The 6809 was a very nice chip to code. There are A and B accumulators, hardware multiply and simple bus interface.
General Motors also used a version of the 6809 which they manufactured, called GMP-4, in ECUs in the early 1980s. GM operated a large chip foundry in Kokomo, Indiana. I read that GM finished dismantling their chip making operation around 2016. I’ll bet GM wishes it hadn’t made that decision.
I used an machine with the operating system OS9 made for the 6809 (long before Apple OS9). I was designed after Unix, with a nice shell and Unix-like commands. It was modular so you could add and remove device drivers dynamically. And version two of it had support for different MMU, so it could have up to 512 MB RAM, even though the address space of the chip, and thus processes was 64 kB RAM.

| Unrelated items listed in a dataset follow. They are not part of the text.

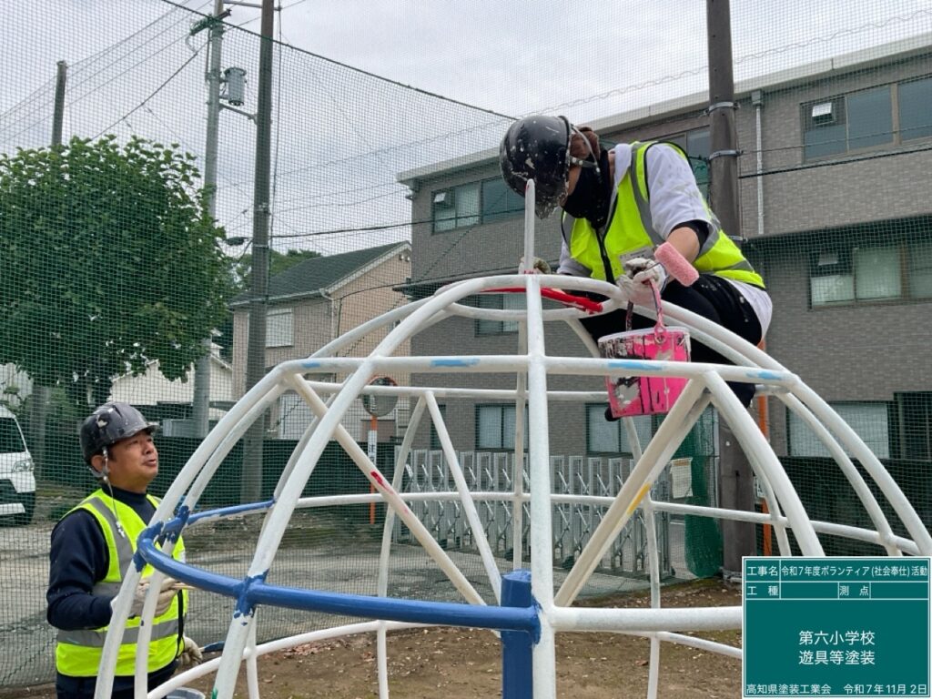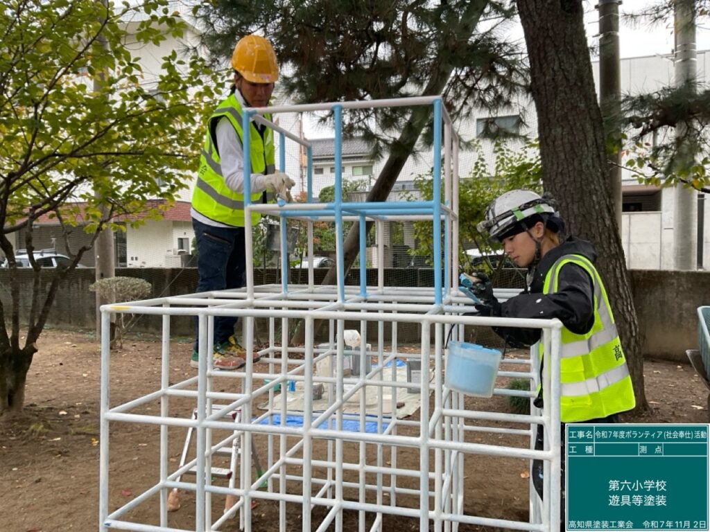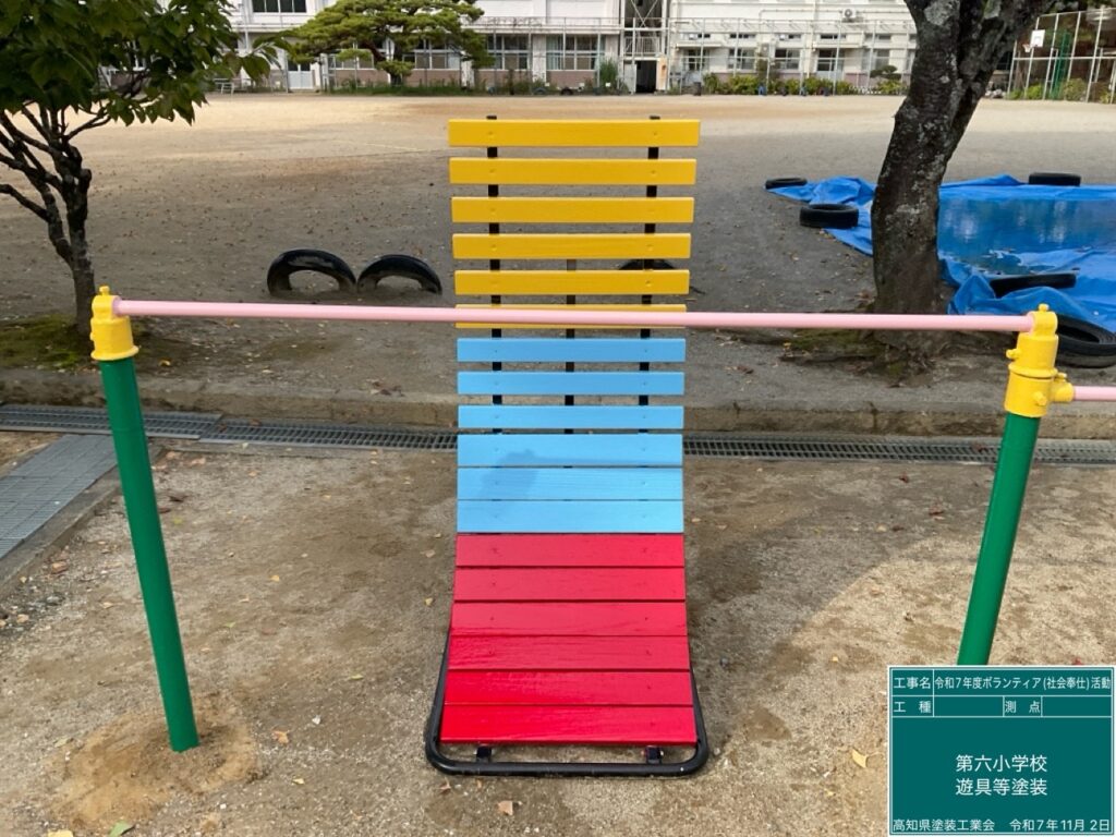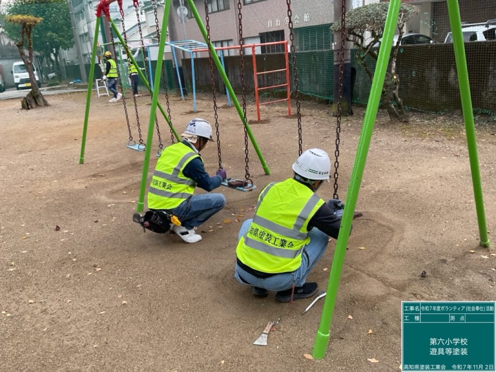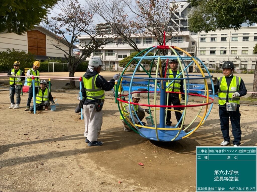 令和7年11月2日(日)に高知市立第六小学校の遊具を総勢26名の参加でボランティア活動を行いました。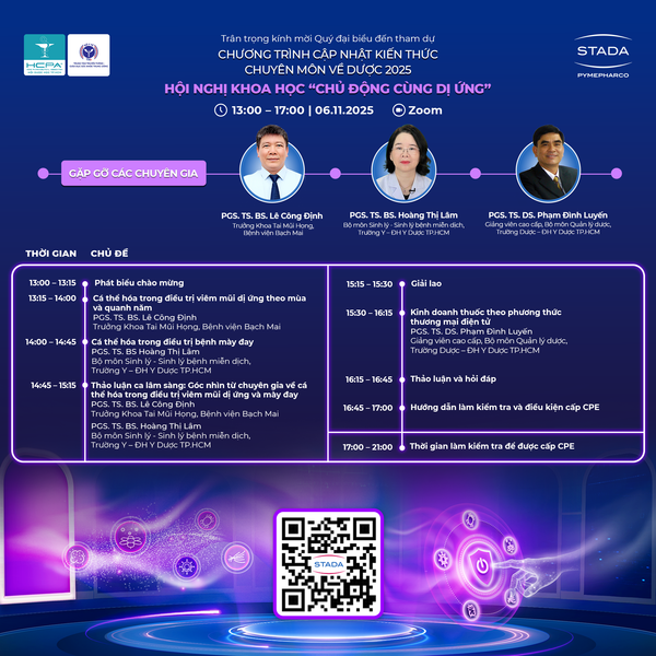 Cập nhật kiến thức thực hành về viêm mũi dị ứng, mày đay và các bệnh lý hô hấp thường gặp cùng các chuyên gia từ Bệnh viện Bạch Mai và Đại học Y Dược TP. Hồ Chí Minh, giúp cộng đồng dược sĩ nâng cao năng lực chuyên môn trong điều trị và chăm sóc sức khỏe hô hấp.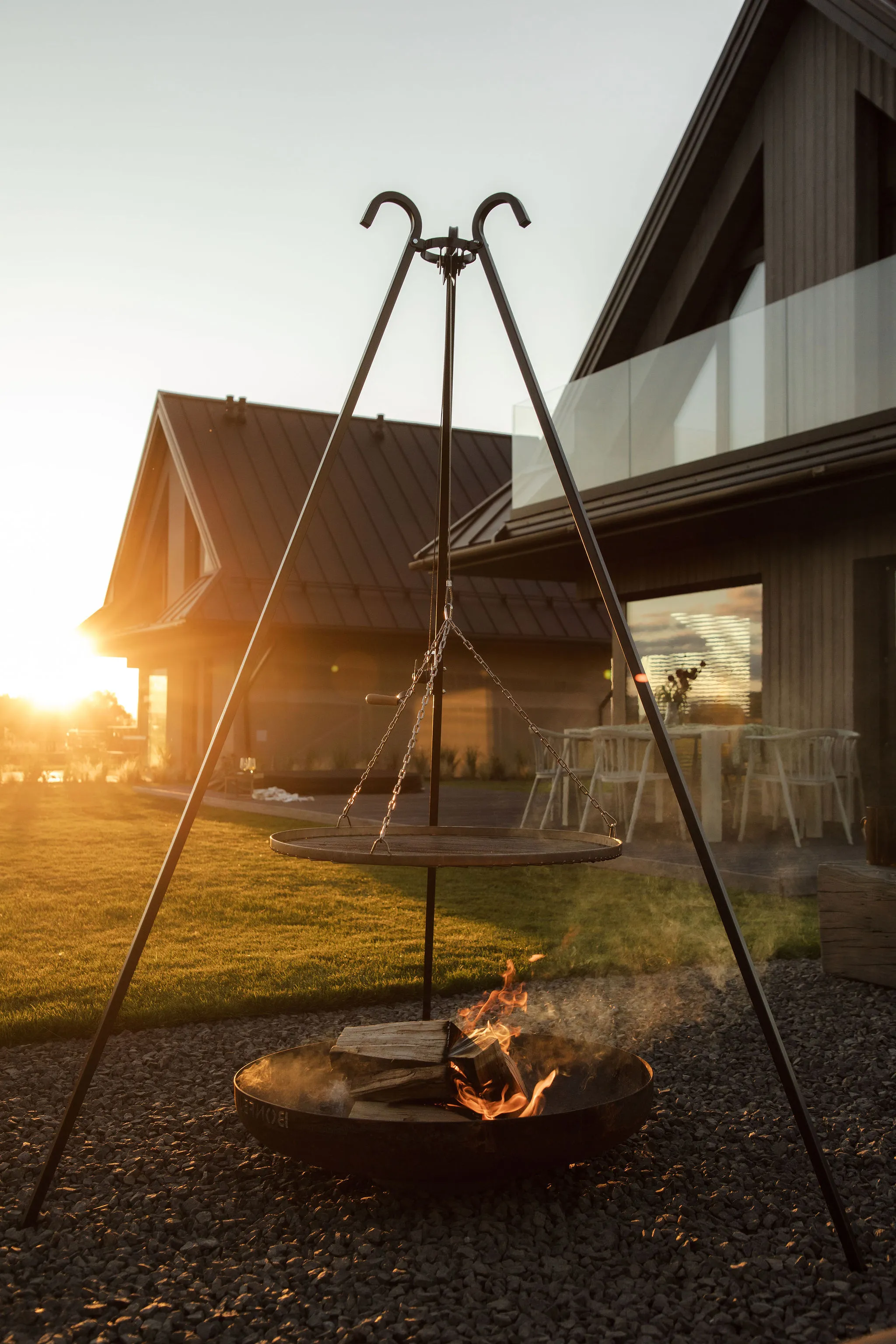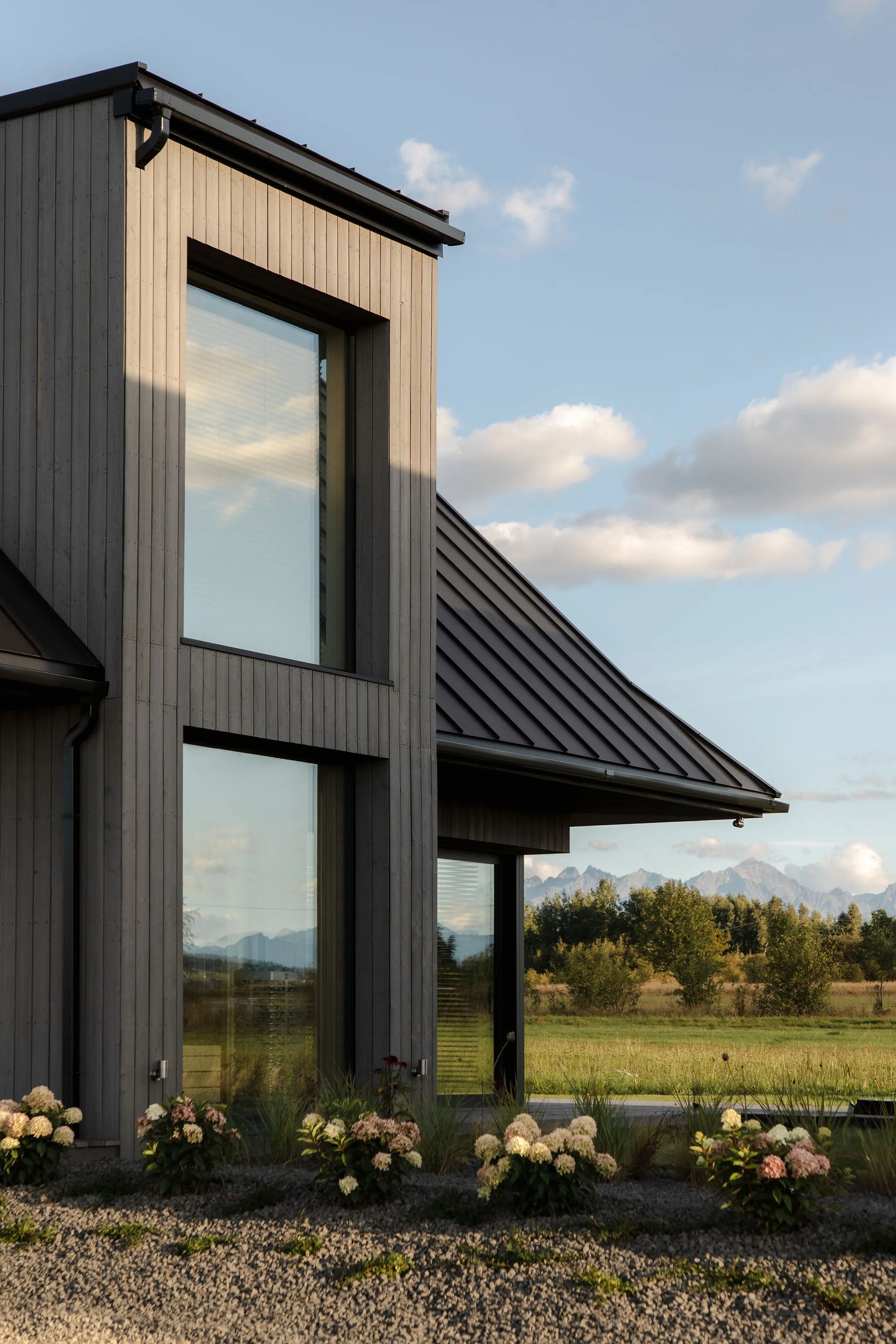 Wysokie okna kadrują panoramę łąk i Tatr, a przeszklony balkon i rozległy taras zapraszają do leniwego poranka z kawą.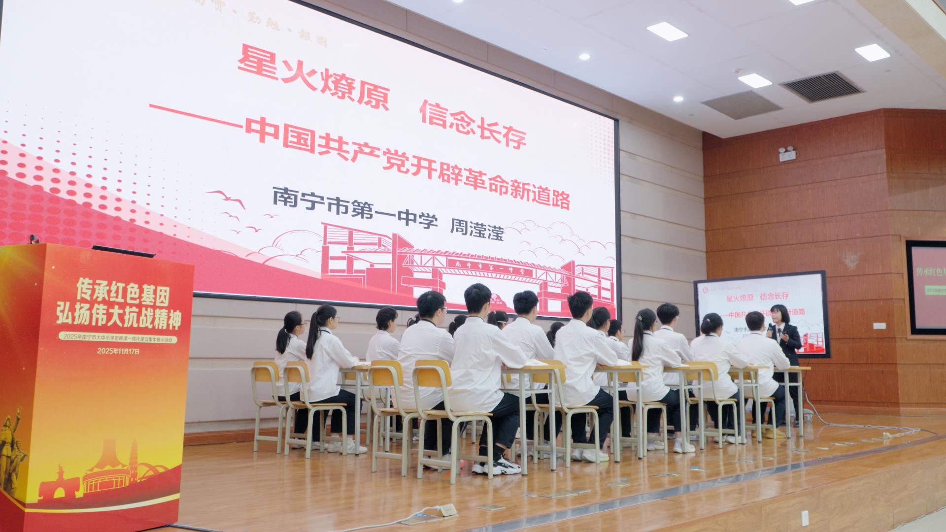 为深入学习贯彻习近平新时代中国特色社会主义思想和党的二十届四中全会精神,统筹推进大中小学思政课一体化建设,11月17日,由中共南宁市委教育工委、南宁市教育局、共青团南宁市委、南宁市少工委、南宁学院共同主办的“传承红色基因,弘扬伟大抗战精神”2025年南宁市大中小学思政课一体化建设集中展示活动在南宁学院图书馆报告厅举行。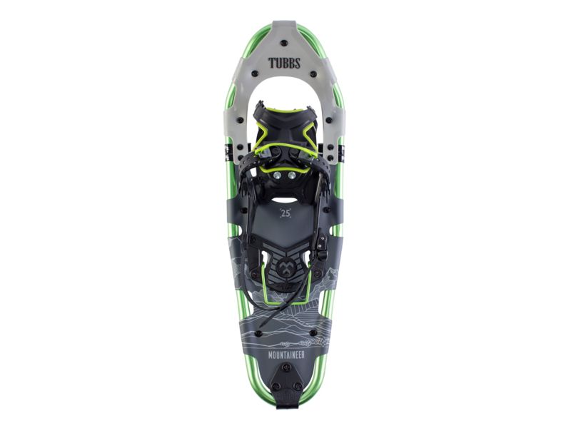 Tubbs Mountaineer Snowshoes - Men's Gray/Green 36in X190100101360. Aggressive traction is provided on two fronts by the eight teeth of the Anaconda toe crampon backed up by enhanced downhill braking from the Python heel crampon. The ActiveFit 2.0...  Read more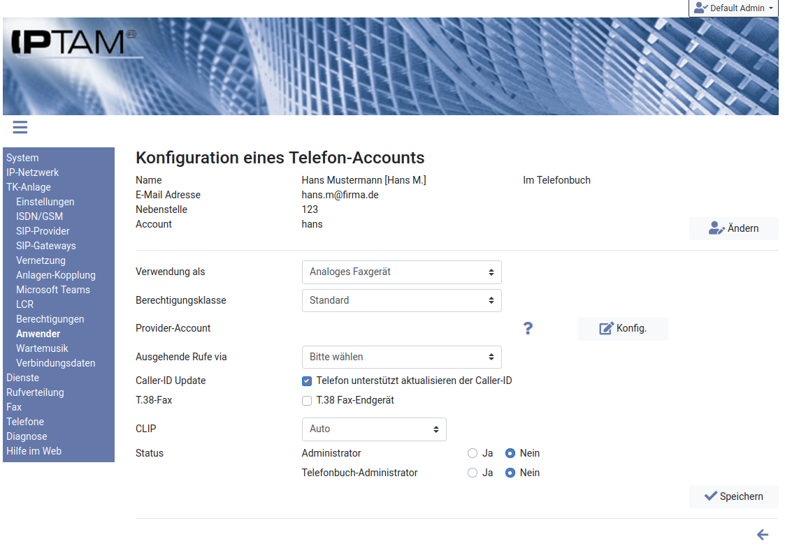 Das Auswahlfeld „Durchwahl (MSN)“ ist nur vorhanden, wenn in Ihrer IPTAM PBX mindestens einen ISDN Mehrgeräteanschluss eingerichtet haben. Sie können dann in diesem Auswahlfeld festlegen, ob diesem Fax-Gerät eine der vorhandenen MSNs zugewiesen werden soll.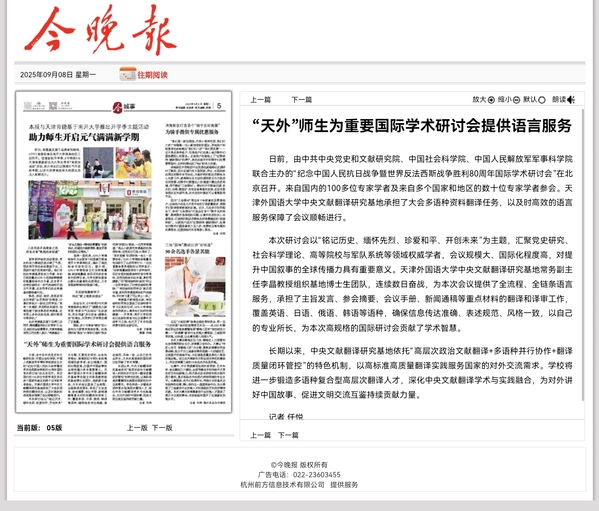 【媒体天外】《今晚报》报道由中共中央党史和文献研究院、中国社会科学院、中国人民解放军军事科学院联合主办的“纪念中国人民抗日战争暨世界反法西斯战争胜利80周年国际学术研讨会”在北京召开。开云集团官网开云集团官网首页_开云(中国)_开云(中国)中央文献翻译研究基地承担了大会多语种资料翻译任务,以及时高效的语言服务保障了会议顺畅进行。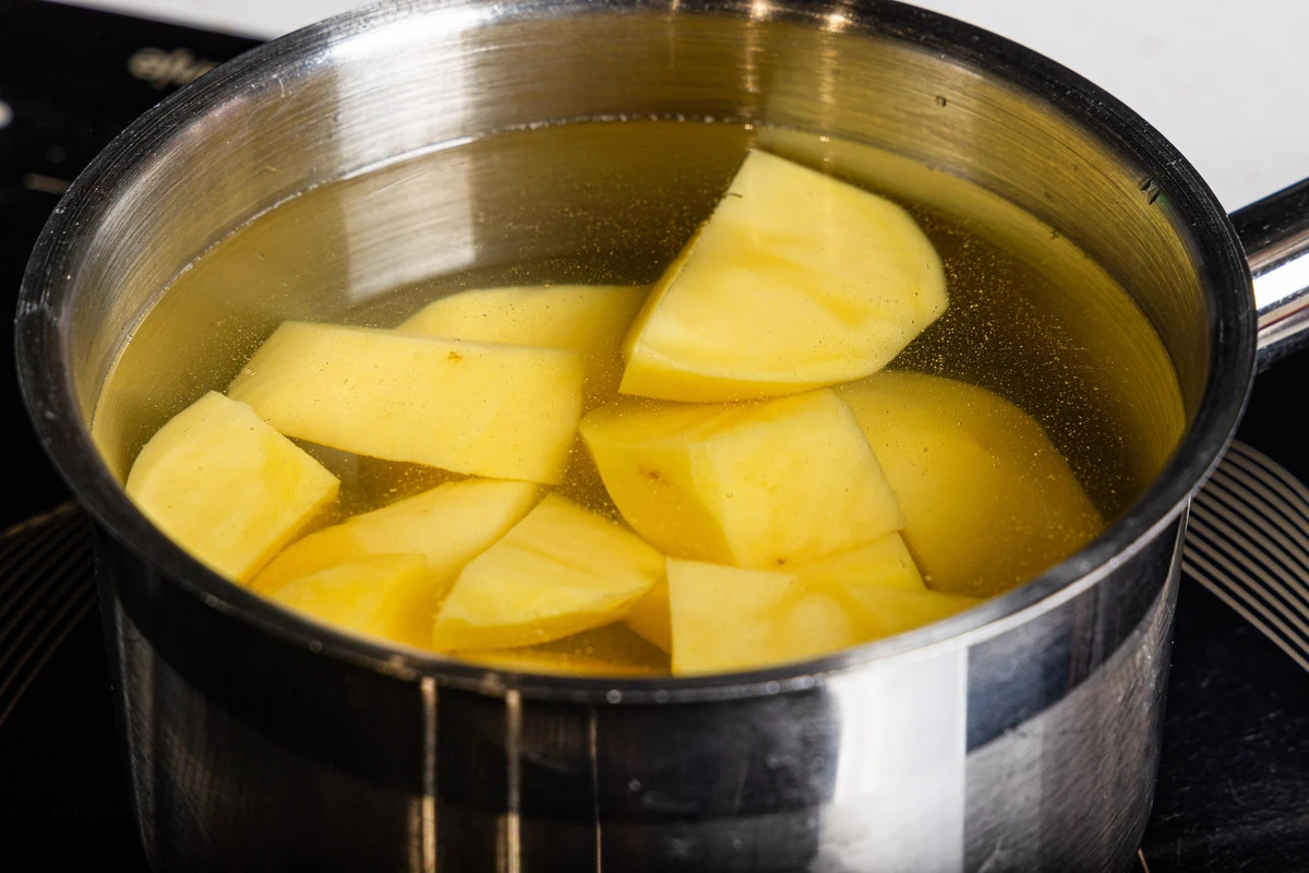 Картофель почистите и отварите до готовности в течение примерно 20 минут.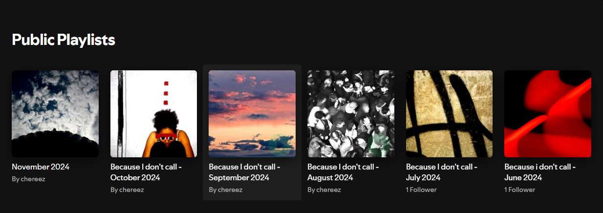 A few months ago, I started an intimate series of playlists on Spotify called ”Because I don’t call”, volatile collection of songs suggested in a narrative form to the listener. My friends essentially, because … I never call them. I know that’s a story for another time.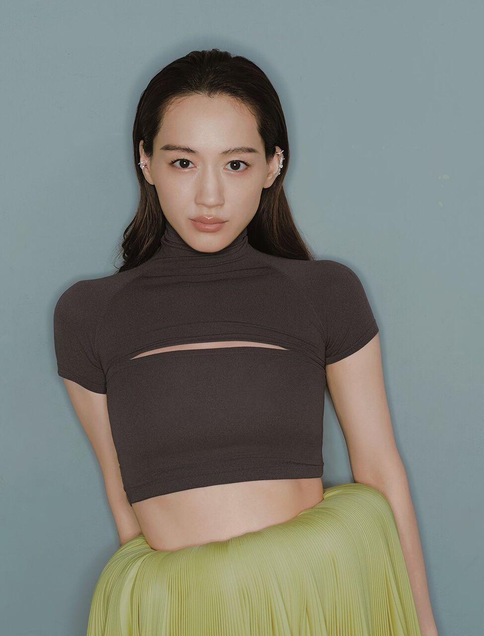 ショート丈のニット姿。胸元が開いたデザインもセクシーだ。注目は腹筋で、筋も見える。

A really impressive OS of it’s time. They later made a version of the OS for 68k and 80386.
If I recall correctly the Radio Shack TRS-80 Color Computer community was a big user of OS9 for a while. The trash 80 coco was my entry into the computer world.
Yup that’s correct. I had 3 of them and used OS9 almost exclusively on them after I found it. Those were very good learning tools and I taught myself quite a lot about hardware and software with them. The cartridge interface was easy to hack and extend and with a little careful soldering it was easy to add RAM although that had to be bank switched. Because the CoCo used the 6809E (clocked at .89Mhz as I recall) it was possible to overclock it, but not much for a bunch of reasons. If, and that’s a big if, I remember correctly I was able to overclock it to just under 1Mhz.
Also wasn’t the 6809 and the 6502 hardware compatible? The story I heard was that the engineering team got into a fight and left. The 6502 could be used in the exact same boards with the same pins, the same peripherals, but a different machine language. In theory you could drop a 6809 into a C64/Apple II/Atari 400/800 and change the rom chip and it should work.
No. The 6502, orI guess 6501, was designed to be pin compatible with the 6800. And it was barely available when a lawsuit from Motorola shut it down. Which is why we have the 6502.
The 6809 was an improvement of the 6800, but came later.
You can’t plug a 6809 into a 6502 computer.
deutch and britich small board have many diodes for show informations
and buttons
without this is not for me
Man did this ever put me down a rabbit hole. I ended up looking at the 6309 and NitrOS-9 and trying to find demo videos of that combo.